Be careful when handling the categorical variable values, because there is no meaning in the magnitude relationship itself. For example, when a condominium and a house are represented by 0 and 1, respectively, there is no essential meaning in the magnitude relationship(0 < 1).
For the above reasons, let’s check the categorical variables individually.
We can easily confirm the number of each unique value by the “value_counts()” method in Pandas. The first column is the unique values. The second column is the counted numbers of unique values.
f['RAD'].value_counts()
>> 24.0 132
>> 5.0 115
>> 4.0 110
>> 3.0 38
>> 6.0 26
>> 8.0 24
>> 2.0 24
>> 1.0 20
>> 7.0 17
>> Name: RAD, dtype: int64
It is important to check the data visually. It is easy to visualize the counted numbers of unique values for each column.
f['CHAS'].value_counts().plot.bar(title="CHAS")

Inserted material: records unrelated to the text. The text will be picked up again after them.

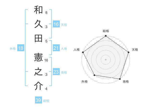 和久田 憲之介さんを姓名の画数から五運を鑑定
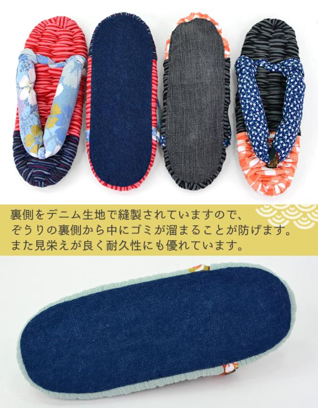 ・ぞうりの裏側をデニム生地で縫製されていますので、見栄えが良く耐久性にも優れています。
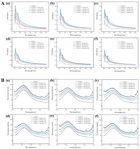 (A) UV−Vis spectra of P−WSPs with different concentrations (50 mM, 100 mM, 500 mM, and 1000 mM) of CaCl2 over a wavelength range from 200 to 800 nm, (a) P−WSPs−4 (b) P−WSPs−5 (c) P−WSPs−6 (d) P−WSPs−7 (e) P−WSPs−8 (f) P−WSPs−9; (B) Fluorescence spectra of P−WSPs with different concentrations (50 mM, 100 mM, 500 mM, and 1000 mM) of CaCl2 over a emission wavelength ranging from 310 to 500 nm at an excitation wavelength of 295 nm, (a) P−WSPs−4 (b) P−WSPs−5 (c) P−WSPs−6 (d) P−WSPs−7 (e) P−WSPs−8 (f) P−WSPs−9.

f['RAD'].value_counts().plot.bar(title="RAD")
Correlation of Variables
Here, we confirm the correlation of variables. The correlation is so important because the higher correlation indicates the higher contribution basically. Conversely, you have the option of removing variables that contribute less. By dropping variables that contribute less, the risk of overfitting is reduced
We can easily calculate the correlation matrix between the variables(or columns) by the “corr()” function in Pandas.
f.corr()
CRIM ZN INDUS CHAS NOX RM AGE DIS RAD TAX PTRATIO B LSTAT PRICES
CRIM 1.000000 -0.200469 0.406583 -0.055892 0.420972 -0.219247 0.352734 -0.379670 0.625505 0.582764 0.289946 -0.385064 0.455621 -0.388305
ZN -0.200469 1.000000 -0.533828 -0.042697 -0.516604 0.311991 -0.569537 0.664408 -0.311948 -0.314563 -0.391679 0.175520 -0.412995 0.360445
INDUS 0.406583 -0.533828 1.000000 0.062938 0.763651 -0.391676 0.644779 -0.708027 0.595129 0.720760 0.383248 -0.356977 0.603800 -0.483725
CHAS -0.055892 -0.042697 0.062938 1.000000 0.091203 0.091251 0.086518 -0.099176 -0.007368 -0.035587 -0.121515 0.048788 -0.053929 0.175260
NOX 0.420972 -0.516604 0.763651 0.091203 1.000000 -0.302188 0.731470 -0.769230 0.611441 0.668023 0.188933 -0.380051 0.590879 -0.427321
RM -0.219247 0.311991 -0.391676 0.091251 -0.302188 1.000000 -0.240265 0.205246 -0.209847 -0.292048 -0.355501 0.128069 -0.613808 0.695360
AGE 0.352734 -0.569537 0.644779 0.086518 0.731470 -0.240265 1.000000 -0.747881 0.456022 0.506456 0.261515 -0.273534 0.602339 -0.376955
DIS -0.379670 0.664408 -0.708027 -0.099176 -0.769230 0.205246 -0.747881 1.000000 -0.494588 -0.534432 -0.232471 0.291512 -0.496996 0.249929
RAD 0.625505 -0.311948 0.595129 -0.007368 0.611441 -0.209847 0.456022 -0.494588 1.000000 0.910228 0.464741 -0.444413 0.488676 -0.381626
TAX 0.582764 -0.314563 0.720760 -0.035587 0.668023 -0.292048 0.506456 -0.534432 0.910228 1.000000 0.460853 -0.441808 0.543993 -0.468536
PTRATIO 0.289946 -0.391679 0.383248 -0.121515 0.188933 -0.355501 0.261515 -0.232471 0.464741 0.460853 1.000000 -0.177383 0.374044 -0.507787
B -0.385064 0.175520 -0.356977 0.048788 -0.380051 0.128069 -0.273534 0.291512 -0.444413 -0.441808 -0.177383 1.000000 -0.366087 0.333461
LSTAT 0.455621 -0.412995 0.603800 -0.053929 0.590879 -0.613808 0.602339 -0.496996 0.488676 0.543993 0.374044 -0.366087 1.000000 -0.737663
PRICES -0.388305 0.360445 -0.483725 0.175260 -0.427321 0.695360 -0.376955 0.249929 -0.381626 -0.468536 -0.507787 0.333461 -0.737663 1.000000
Like the above, it is easy to calculate the correlation matrix, however, it is difficult to grasp the tendency with simple numerical values.
In such a case, let’s utilize the heat map function included in “seaborn”, the library for plotting. Then, we can confirm the correlation visually.
Here, we focus on the relationship between “PRICES” – OTHER(“CRIM”, “ZN”, “INDUS”…etc). We can clearly see that “RM” and “LSTAT” are high correlated to “PRICES”.
Summary
So far we have seen how to perform EDA briefly. The purpose of EDA is to properly identify the nature of the dataset. Proper EDA can make it possible to explore the next step effectively, e.g. feature engineering and modeling methods.